Petróleo hoje fecha próximo de US$ 100 com negociações entre EUA e Irã; Petrobras avança

Escalada geopolítica recoloca prêmio de risco no barril, enquanto Opep mantém projeções para o Brasil e nova descoberta no pré-sal reforça perspectiva de oferta

Por Igor Markevich

13/04/2026 | 9:54 Atualização: 13/04/2026 | 16:40

Petróleo dispara e volta aos US$ 100 com ameaça de bloqueio ao Irã; ADRs da Petrobras sobem em NY e mercado reprecifica risco global de oferta. (Imagem: Adobe Stock)
Petróleo dispara e volta aos US$ 100 com ameaça de bloqueio ao Irã; ADRs da Petrobras sobem em NY e mercado reprecifica risco global de oferta. (Imagem: Adobe Stock)
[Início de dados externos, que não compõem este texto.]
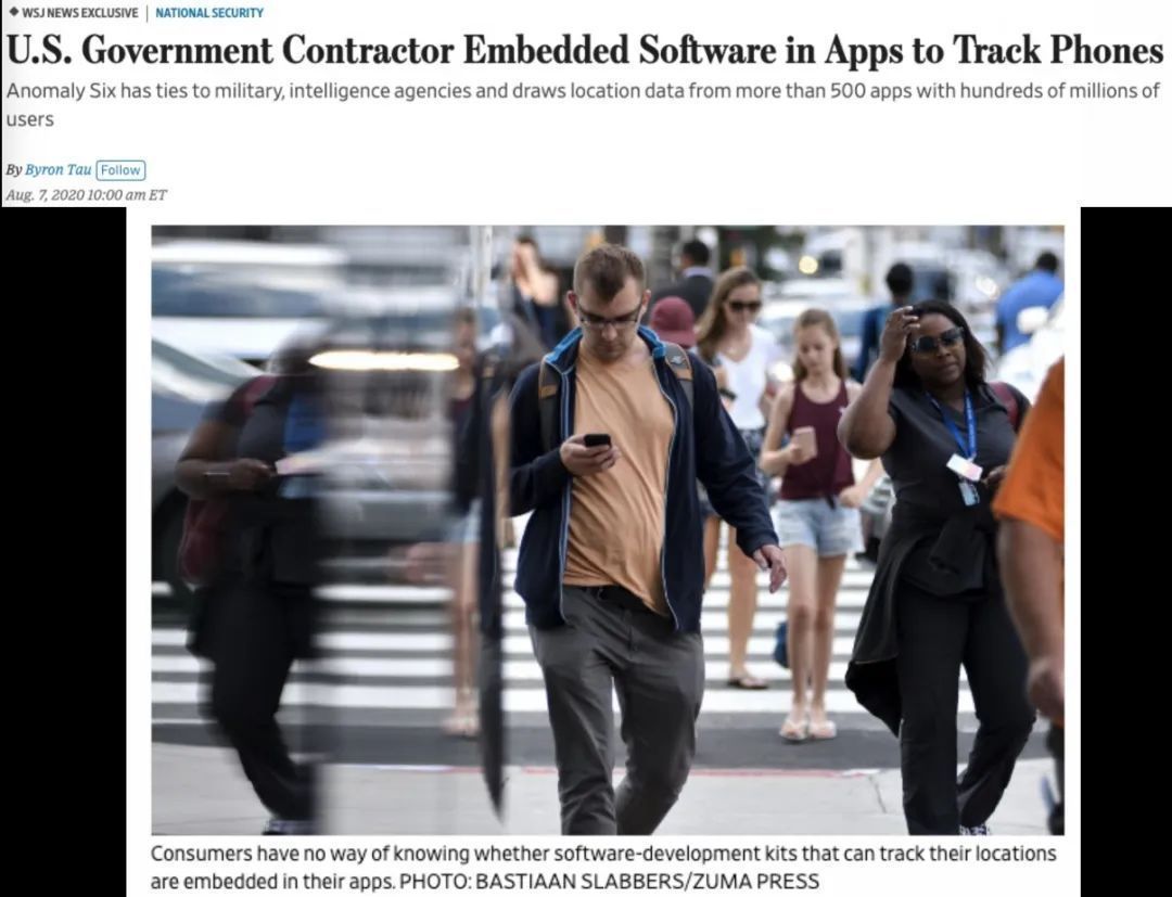 《华尔街日报》:美国政府承包商在多个手机APP中嵌入跟踪软件

O petróleo hoje fechou em alta após voltar a disparar próximo dos US$ 100, em um mercado que abandonou a trégua diplomática e passou a precificar um cenário mais duro no Oriente Médio. Nesta segunda-feira (13), o WTI para maio encerrou o pregão com valorização de 2,6%, a US$ 99,08, enquanto o Brent para junho avançou 4,36%, a US$ 99,36.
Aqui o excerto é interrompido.